__Task item__. The answer must be the full data, restated word for word, with no pictures in it.

__Source material__.
BEGIN

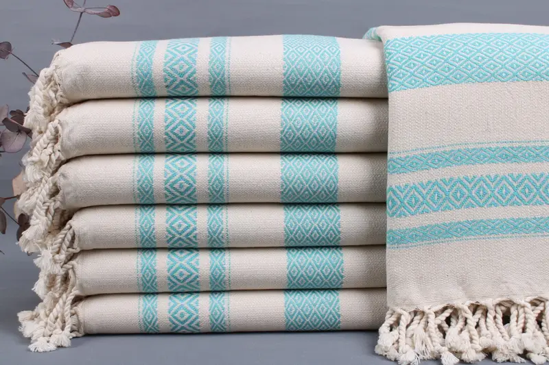 These towels are characterized by their organic Turkish cotton composition, ensuring superior absorbency and durability. Resulting in plush texture, they are made from 425-475 grams of material, presenting a weight balance conducive to various uses. Dimensions are specified as 40x70 inches or 100x180 centimeters with a tolerance of ±2 inches or 5 centimeters due to hand weaving.
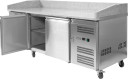 Ledusskapja pica galds ar izmēriem 2025x800x1000mm un kameru ar ietilpību 580L ir paredzēts pārtikas uzglabāšanai temperatūras diapazonā no -2 līdz +8°C.
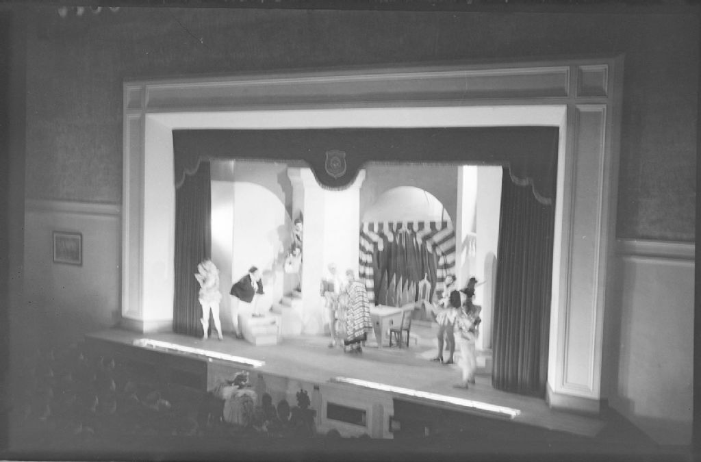 Sur la scène d'un théâtre, nous voyons des comédiens qui participent à une représentation de «La mégère apprivoisée» de William Shakespeare. Nous voyons la scène où évoluent des comédiens habillés en pourpoints avec fraise (collerette). Au centre, nous apercevons un comédien portant une cape longue. Dans le parterre, nous remarquons, parmi les spectateurs, un comédien coiffé d'une couronne de fleurs
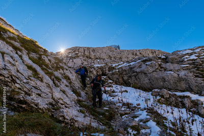 Hiking Through Alpine Majesty: Two Wanderers in the Sunlit Austrian Alps
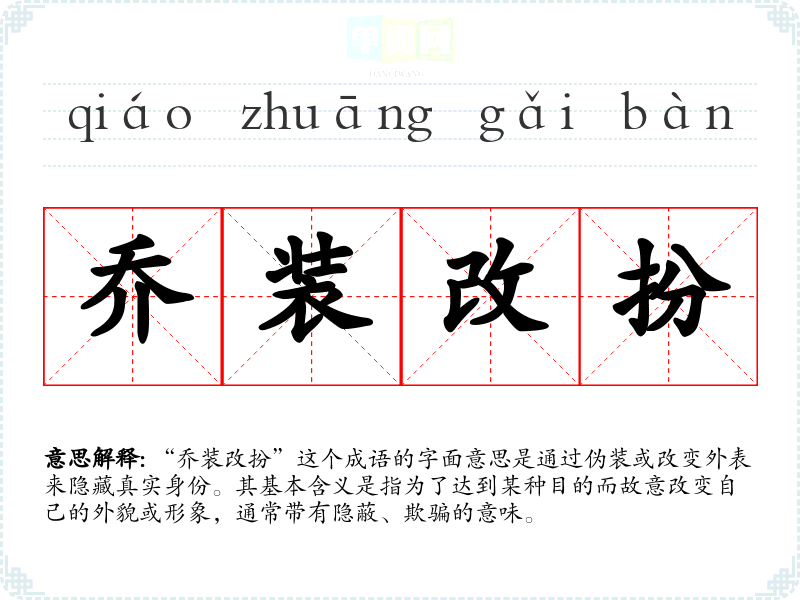 | 乔妆改扮 | 乔:做假。乔妆:改变服装、容颜。指化妆改变形象,掩饰本来的身份。亦作“乔装打扮”、“乔装改扮”。 |

END

__Response to the exercise__.
 These towels are characterized by their organic Turkish cotton composition, ensuring superior absorbency and durability. Resulting in plush texture, they are made from 425-475 grams of material, presenting a weight balance conducive to various uses. Dimensions are specified as 40x70 inches or 100x180 centimeters with a tolerance of ±2 inches or 5 centimeters due to hand weaving.
 Ledusskapja pica galds ar izmēriem 2025x800x1000mm un kameru ar ietilpību 580L ir paredzēts pārtikas uzglabāšanai temperatūras diapazonā no -2 līdz +8°C.
 Sur la scène d'un théâtre, nous voyons des comédiens qui participent à une représentation de «La mégère apprivoisée» de William Shakespeare. Nous voyons la scène où évoluent des comédiens habillés en pourpoints avec fraise (collerette). Au centre, nous apercevons un comédien portant une cape longue. Dans le parterre, nous remarquons, parmi les spectateurs, un comédien coiffé d'une couronne de fleurs
 Hiking Through Alpine Majesty: Two Wanderers in the Sunlit Austrian Alps
 | 乔妆改扮 | 乔:做假。乔妆:改变服装、容颜。指化妆改变形象,掩饰本来的身份。亦作“乔装打扮”、“乔装改扮”。 |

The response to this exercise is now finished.